In [None]:
import requests
import pandas as pd
import numpy as np
from sklearn.linear_model import Ridge, Lasso, LinearRegression
from sklearn.metrics import root_mean_squared_error
import xgboost
import optuna
import pickle

## Data Loading

In [None]:
!mkdir data

In [None]:
!mkdir models

In [None]:
files = [('green_tripdata_2024-10.parquet', './data'), 
         ('green_tripdata_2024-11.parquet', './data')]

print("Downloading started:...")

for file, path in files:
    url = f"https://d37ci6vzurychx.cloudfront.net/trip-data/{file}"
    save_path = f"{path}/{file}"
    response = requests.get(url, stream=True)
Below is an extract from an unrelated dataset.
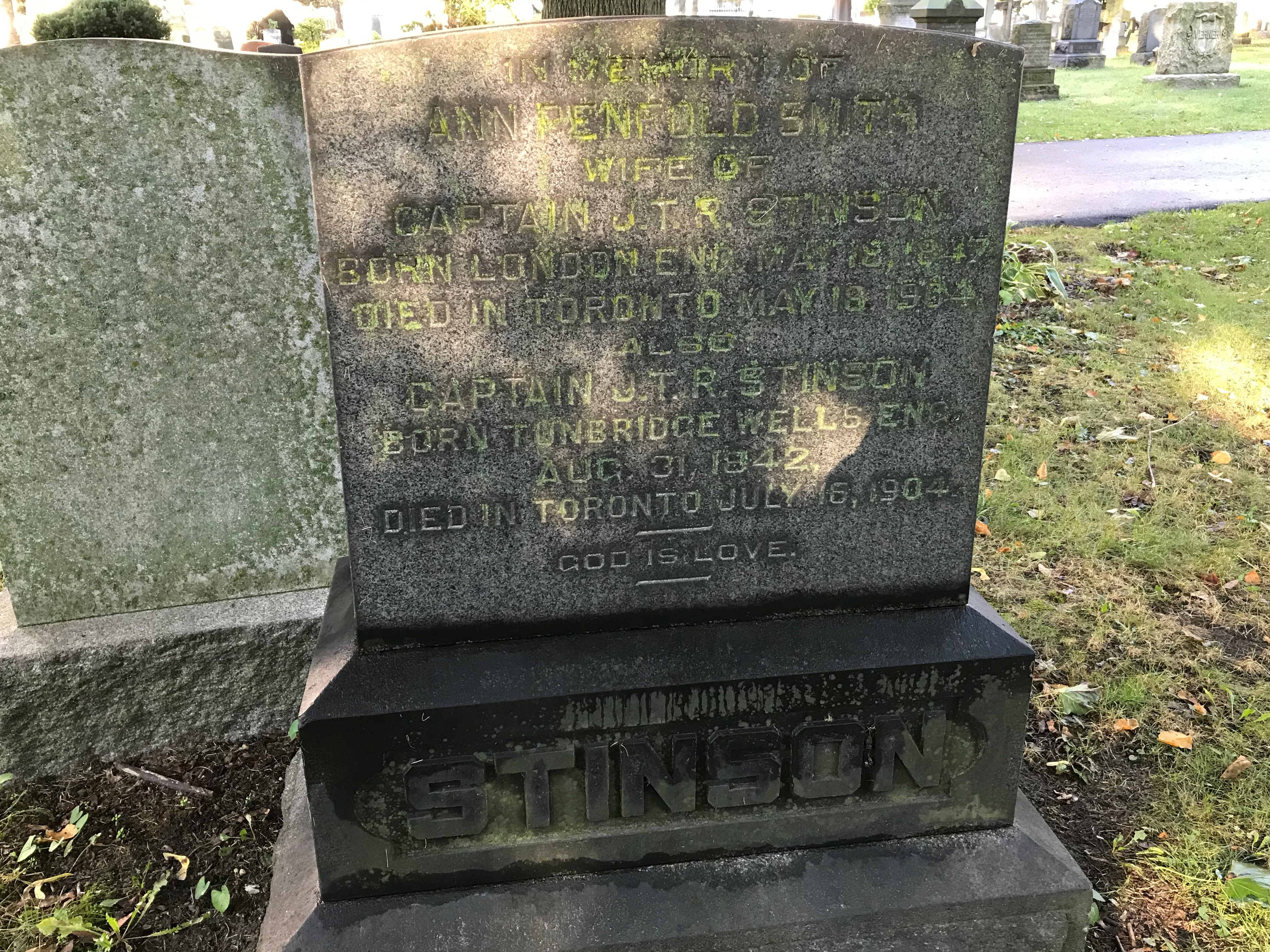 Captain John Theophelus Richey Stinson was born 31 August, 1842 in Tunbridge, Wells, England to Joseph Henry Stinson and Hannah Day Chette. By 1861 the family had emigrated to Toronto, Canada West and were living at 12 Jarvis Street.

    with open(save_path, "wb") as handle:
        for data in response.iter_content(chunk_size=1024):
            handle.write(data)
    

In [None]:
train_data = pd.read_parquet("data/green_tripdata_2024-10.parquet")
test_data = pd.read_parquet("data/green_tripdata_2024-11.parquet")

In [None]:
train_data.head()

In [None]:
train_data.info()

In [None]:
num_features = ['total_amount', 'trip_distance', 'passenger_count']
cat_features = ['PULocationID', 'DOLocationID']

In [None]:
def preprocessing(data):
    data['duration'] = data['lpep_dropoff_datetime'] - data['lpep_pickup_datetime']
    data.duration = data.duration.apply(lambda td: td.total_seconds()/60)
    data = data[(data.duration >= 3.) & (data.duration <= 90.)] 
    data.fillna(0, inplace=True) #maybe debug this later
    return data

In [None]:
with open('models/preprocessing.bin', 'wb') as f_out:
    pickle.dump(preprocessing, f_out)

In [None]:
X_train = preprocessing(train_data)[num_features + cat_features]
y_train = preprocessing(train_data)['duration']

X_test = preprocessing(test_data)[num_features + cat_features]
y_test = preprocessing(test_data)['duration']

## Baseline model

In [None]:
model = LinearRegression()
model.fit(X_train, y_train)

In [None]:
train_pred = model.predict(X_train)
root_mean_squared_error(train_pred, y_train)

In [None]:
test_pred = model.predict(X_test)
root_mean_squared_error(test_pred, y_test)

In [None]:
test_pred.mean(), test_pred.std()